Addressing sustainability, diversity and attracting new students in the SUNY system, SUNY Chancellor Kristina Johnson spoke to a panel of about 70 educators at Binghamton University in the Mandela Room on Friday morning.

At the address, which was part of the monthly University Faculty Senate meeting, Johnson discussed multiple concerns within the SUNY system, including attracting new students, strengthening online education and increasing diversity in faculty.

Appointed last April by the SUNY Board of Trustees, Johnson has visited all 64 state-operated SUNY campuses and discussed SUNY’s emphasis on collaboration through systems of shared governance, a model of leadership that includes boards such as the University Faculty Senate, the SUNY Student Assembly and the Faculty Council of Community Colleges.

Johnson said her goals for the SUNY system value are student-centered, keeping a system of shared governance and promoting diversity, collaboration, community engagement, integrity and collegiality.

“We have a vision of high education that enables our students to live in the height of their times,” Johnson said. “My vision involves a broadening of higher education from institutional learning to individualized learning.”

According to Johnson, the overall sustainability of the SUNY system is her top concern and chief goal during her time as chancellor.
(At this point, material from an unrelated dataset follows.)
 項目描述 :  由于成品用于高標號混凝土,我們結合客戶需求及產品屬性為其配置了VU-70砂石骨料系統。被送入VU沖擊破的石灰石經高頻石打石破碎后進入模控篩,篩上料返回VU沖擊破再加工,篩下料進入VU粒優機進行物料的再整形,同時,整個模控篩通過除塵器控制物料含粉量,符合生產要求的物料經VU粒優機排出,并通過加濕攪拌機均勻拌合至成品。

Johnson said she wants to increase retention rates, reduce unnecessary financial costs and allow for sustainable use of energy at SUNY schools.
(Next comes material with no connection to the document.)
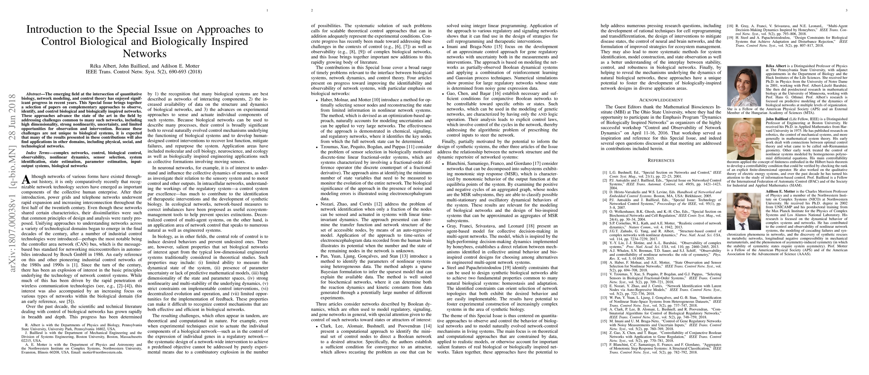 This special issue explores innovative approaches to control complex biological networks, addressing challenges like high dimensionality and strong nonlinearity. The research aims to advance the field with applications beyond biology, benefiting physical, social, and technological networks.

“Sustainability is a big deal for me and where my work diverges a bit,” Johnson said. “As chancellor, I have to be responsible for the vibrancy and sustainability of the system. I will make sure we are using our dollars in a way to give a maximum return. I feel very up to the challenge.”

To attract traditional and nontraditional students, Johnson emphasized the importance of SUNY’s online education, which she believes will help attract and retain a more diverse student body, amplifying the system’s impact in New York and across the world.

“Most current online options outside SUNY aren’t affordable or aren’t of high quality,” Johnson said. “We have been shaping our future online for a while and we have taken it to the next level.”

Johnson also addressed the lack of diversity among SUNY faculty, which she said is a serious problem that is driving students away from the system. To fix the issue, Johnson plans to implement the “Prodigy Program,” an initiative in which young faculty members will be hired ahead of the retirements of older professors and lecturers. This will allow employees to retire without compromising diversity and flow of education within the SUNY system.

“It is about more than providing support and a bridge to retirement,” Johnson said. “It is a change about how faculty are recruited.”

She aims to hire at least 100 faculty members a year under the new program. Johnson is also exploring other options to increase diversity at SUNY schools, including programs and grants similar to a new postdoctoral program at BU that helps young faculty who are underrepresented minorities complete postdoctoral research and teach classes before tenure. She said she would like to see the program throughout SUNY.

“The postdoctoral diversity program at Binghamton is another way as well,” Johnson said. “Come on board and do a postdoc and teach and begin your research before the tenure clock starts.”

Maria Helena Lima, an English professor at SUNY Geneseo, attended the talk and said she stands behind Johnson’s stance on increasing faculty diversity.

“I hope to make students as comfortable as possible on campus and seeing faculty that looks like them and respects their ideas is a way towards that goal,” Lima said.